Hildegard van Bingen zag dingen die niet tot de normale zichtbare werkelijkheid behoren. Ze schouwde in het levende licht en hoorde een Stem uit de hemel. In een van haar visioenen kwam ze in contact met een werkelijkheid, een heilige ruimte, die de oorsprong is van alle dingen. Deze werkelijkheid omvatte hemel en aarde, de elementen, de winden en ook de levensadem die de mens tot leven wekte. Wat haar in deze werkelijkheid werd getoond, heeft ze tot uitdrukking gebracht in het beeld van het ‘kosmische ei’. Daarmee sluit ze aan op scheppingsmythen uit de Oudheid. Daarin wordt verteld over het ontstaan van de wereld uit een oerei. Een ei symboliseert kiemkracht en vruchtbaarheid. De innerlijke ontwikkeling van het leven, dat erdoor omsloten wordt, kon blijkbaar niet beter worden weergeven dan in deze vorm. De manifestatie van de kosmos in de vorm van een ei was de meest verbreide opvatting in de Oudheid en heeft tot diep in de Middeleeuwen de gedachten bepaald over het ontstaan van de schepping. Deze manifestatie vinden we ook bij Hildegard van Bingen als een uitdrukking van het universum. Daarin ziet ze een samenhang van de elementen vuur, water, lucht en aarde, de winden, de figuur van een berg, die allemaal met elkaar zijn verbonden in een organisch geheel. En in dit universum is God werkzaam. Hier volgen fragmenten uit de beschrijving van wat Hildegard gezien heeft in het visioen dat bekend is geworden als het ‘kosmische ei’:

Toen zag ik een groot instrument, rond en schaduwrijk. Het leek op een ei. Naar boven spitste het zich toe, in het midden wijd, en naar beneden werd het weer smaller.

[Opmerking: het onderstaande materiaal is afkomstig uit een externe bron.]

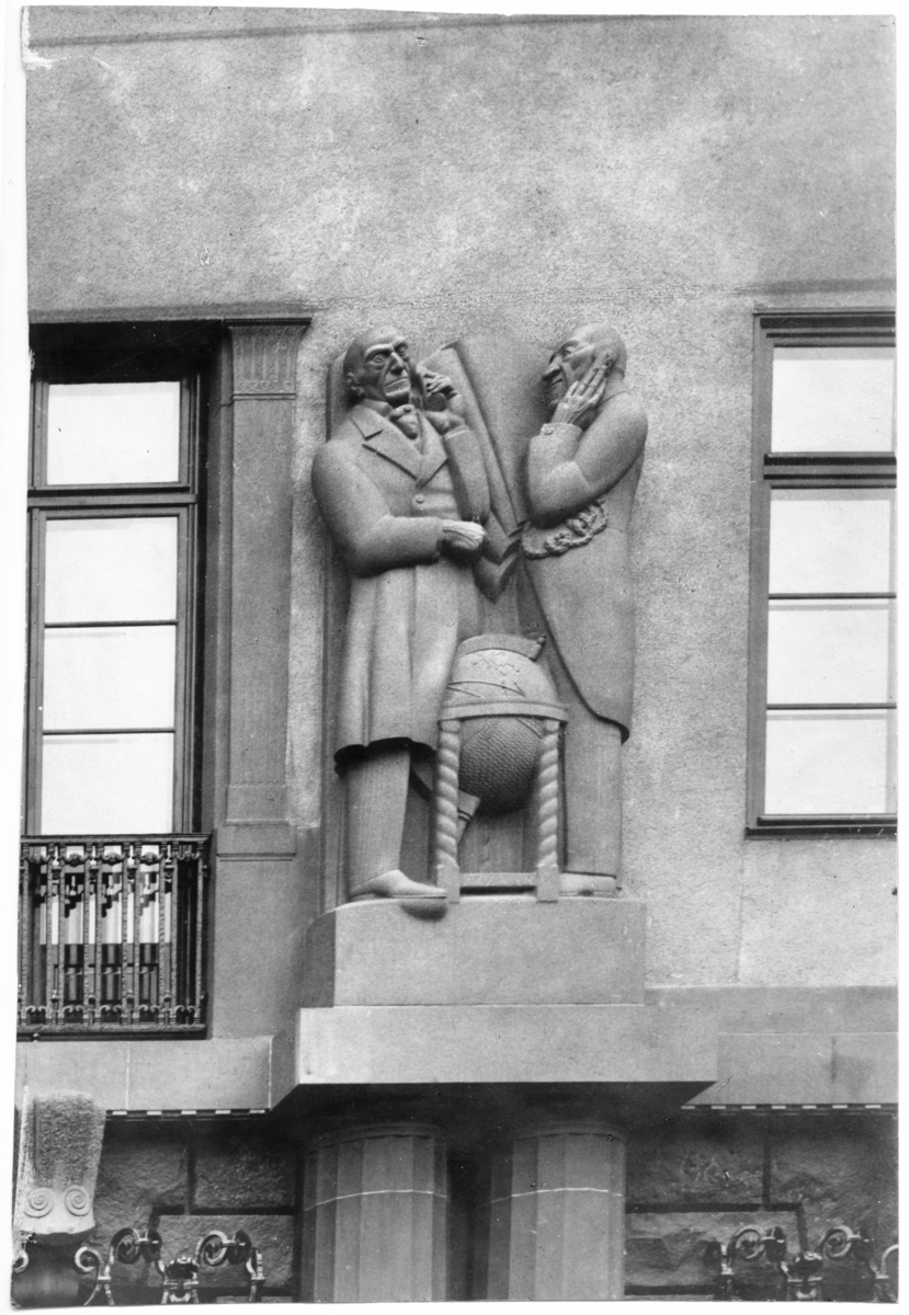 Exteriör. Portik med skulpturgrupp av Carl Milles.
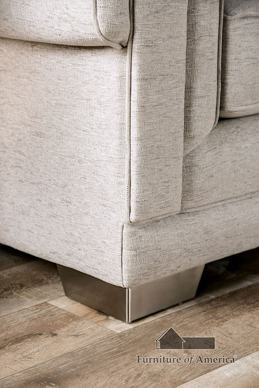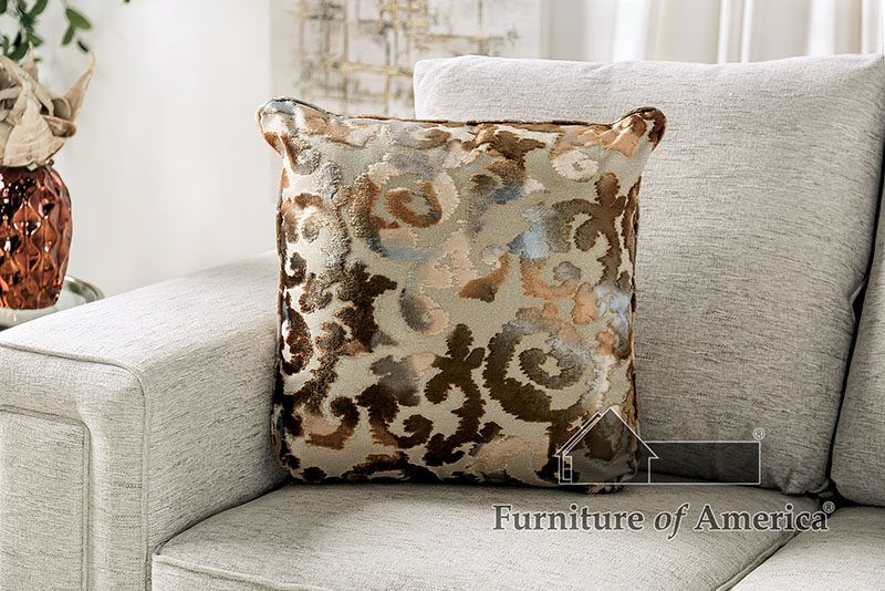 Made in the U.S.A., this gorgeous light gray loveseat with uniquely squared-back arms hosts a number of pillows that serve to complement the visual motif most effectively.Features:

De buitenste laag die het omringde, bestond uit lichtend vuur. Het geheel leek te rusten op een schaduwrijke huid. In het lichtende vuur was een bol van roodgloeiend vuur, zó groot dat het gehele beeld erdoor werd verlicht. Boven de bol waren drie fakkels boven elkaar geplaatst. Met hun vuur gaven zij deze bol evenwicht, zodat hij niet zou wankelen. Vanuit het lichtende vuur, dat het geheel omringde, ging een wervelende wind uit. Ook van de huid, waarop het geheel rustte, ging een wervelende wind uit. In diezelfde huid was een donker vuur, zo huiveringwekkend, dat ik er niet naar kon kijken. Met zijn kracht bracht hij de gehele laag in beroering, zodat deze vol van geraas was, stormen, grote en kleine vlijmscherpe stenen. Maar onder die huid stroomde ether van de zuiverste soort. In die zuivere ether zag ik een bol van witgloeiend vuur van omvangrijke grootte. Duidelijk zichtbaar hingen daarboven twee fakkels, die hem in het gareel hielden, zodanig dat hij niet zou afwijken van de baan waarin hij bewoog. In diezelfde zuivere ether bevonden zich heldere sterren. Maar in deze zuivere ether zelf waaide ook een wind met zijn wervelingen, en dat was in heel het kosmische ei merkbaar. Onder de zuivere ether zag ik waterrijke lucht en daaronder een wit vlies, dat het geheel vochtig maakte. Soms met heftige stortregen, dan weer met weldadige druppels zachte regen. Ook vanuit deze laag verspreidde zich een wind, die met zijn wervelingen het gehele kosmische ei vervulde. En in het midden van al deze elementen bevond zich een zandige bol van zeer grote omvang. Deze bol werd door de elementen zo omgeven, dat hij niet van zijn plaats kon vallen. Tussen het noorden en het oosten zag ik iets als een zeer grote berg. Zijn noordzijde lag in duisternis en zijn oostzijde in licht, zodanig dat noch het licht de duisternis, noch de duisternis het licht kon raken.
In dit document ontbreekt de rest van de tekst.